All is not lost, there are a few last ditch attempts that could pull the island-nation back from the brink of bankruptcy:

1, The EU could re-negotiate a bailout with less onerous terms, which would then stand a better chance of being passed by the Cypriot government. The bank levy would have to be dropped, however it was only ever going to raise EUR 5 billion, small potatoes in Eurozone bailout terms…

2, The Cypriot finance minister has travelled to Russia (amid rumours of his resignation, since denied) accompanied by the country’s energy minister. This could be to strike a deal with Moscow to receive cash in return for Russian access to Cypriot gas reserves. Apparently, Russian gas giant Rosneft has even declared its interest in funding Cyprus in return for licences to its gas fields.

While Russian money could help Cyprus to avoid bankruptcy, it could be the nail in the coffin for Nicosia’s relationship with the rest of the EU. The next few days are unchartered territory for the currency bloc – a potential bailout funded by a foreign country, especially Russia, throws the whole currency bloc into jeopardy. What next – Brazil bails out Spain, New York chips in to save Italy?

What to look out for the in the next couple of days:

1, Comments from EU high command. Will the currency bloc attempt to re-negotiate a new bailout for Cyprus? Will Germany back down from its demands for a bail in?

2, The outcome of discussions with Russia. Moscow was angry about the EU’s bank levy plan, and revenge could be sweet for the Kremlin.

3, The government of Cyprus will apparently reconvene on Thursday for more negotiations – presumably after the President holds discussions with the EU and Russia…

4, There is a chance an EU summit could be hastily arranged to discuss Cyprus, potentially before next week’s Easter holiday.

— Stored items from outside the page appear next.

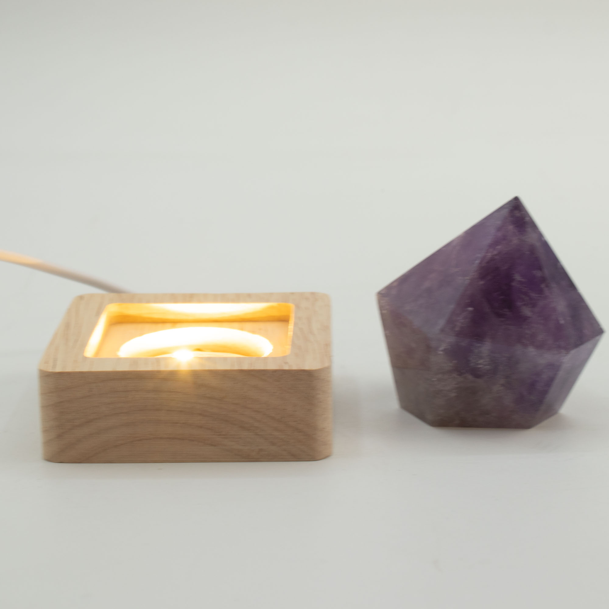 Designed to light items from below, it’s ideal for small to medium crystals, polished stones, glass, resin, and carved decorative pieces. The light lifts colour and internal detail without overpowering the product, helping items look sharper and more considered on display.
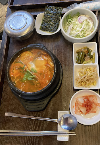 テンジャンチゲか牛スープが私の定番、どちらもスープの旨味がしっかりあってお野菜の具を先に食べたら白ごはんを投入してクッパにして食べるのがお気に入りの食し方です
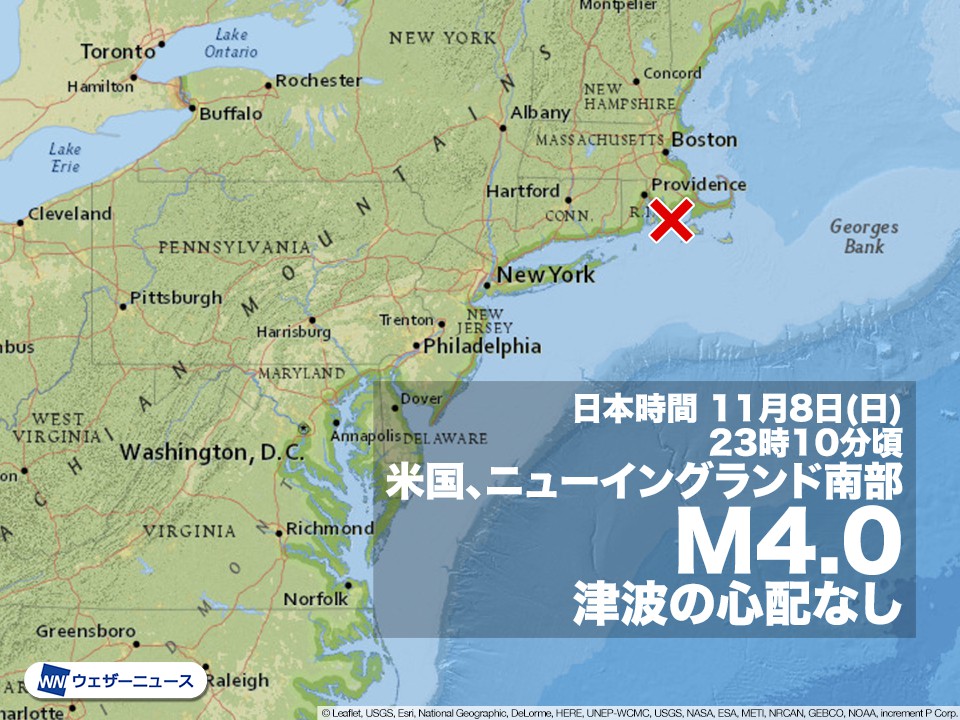 日本時間の11月8日(日)23時10分頃(現地時間の同日9時10分頃)、北米東部で地震がありました。震源地は米国、ニューイングランド南部で、地震の規模(マグニチュード)は4.0と推定されます。 震源はマサチューセッツ州のバザーズ湾付近で、州都のボストンからは南に約100km、ロードアイランド州の州都プロビデンスから南東に50kmほどの地点とみられます。 ※震源は米国地質調査所国立地震情報センター(USGS,NEIC)による。
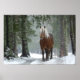 Affiche Cheval Brown dans une forêt d'hiver avec chute de
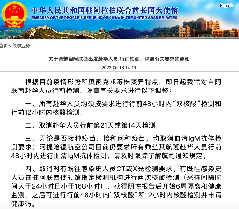阿联酋赴华人员从5月18日起,取消行前第21天或第14天检测;取消血清IgM抗体检测(阿提哈德航空公司除外);取消对有既往感染史人员CT或X光检测要求。

The “black swan” event in this situation would be Cyprus choosing to take the money from Russia and leaving the EU. This would be the most volatile outcome for the markets, in our view, which may cause Italian and Spanish bond yields to spike, while the euro and euro-based assets could fall sharply.

Market impact:

• EURUSD fell sharply in the lead up to the vote, but 1.2845 held as support. At the time of writing it was back above 1.2875 – the 200-day sma. Below here, 1.2710 – the lows from November, come back into view, but watch out as the market is starting to look oversold in the short term.

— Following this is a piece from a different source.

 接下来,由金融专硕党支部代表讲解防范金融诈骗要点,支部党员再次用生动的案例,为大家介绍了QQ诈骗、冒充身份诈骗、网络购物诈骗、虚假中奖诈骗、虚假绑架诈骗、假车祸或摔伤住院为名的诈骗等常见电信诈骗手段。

• EURJPY and EURGBP also fell sharply. But EURJPY found a base at 122.00, above the 121.15 lows from Sunday’s Tokyo open.

• Although the bank levy is off the table in Cyprus, we don’t think this will trigger a relief rally in European stocks, as it drastically increases the chance of break up risk for the currency bloc. Thus, we could see further declines for European stocks tomorrow.

• Peripheral bond markets were closed by the time the vote was called. We expect some upward pressure on Italian and Spanish bond yields. If yields have a drastic move higher this could trigger sharp declines for the euro and European stocks.

Hard hats at the ready…

Disclaimer: The information and opinions in this report are for general information use only and are not intended as an offer or solicitation with respect to the purchase or sale of any currency or CFD contract. All opinions and information contained in this report are subject to change without notice. This report has been prepared without regard to the specific investment objectives, financial situation and needs of any particular recipient. Any references to historical price movements or levels is informational based on our analysis and we do not represent or warranty that any such movements or levels are likely to reoccur in the future. While the information contained herein was obtained from sources believed to be reliable, author does not guarantee its accuracy or completeness, nor does author assume any liability for any direct, indirect or consequential loss that may result from the reliance by any person upon any such information or opinions.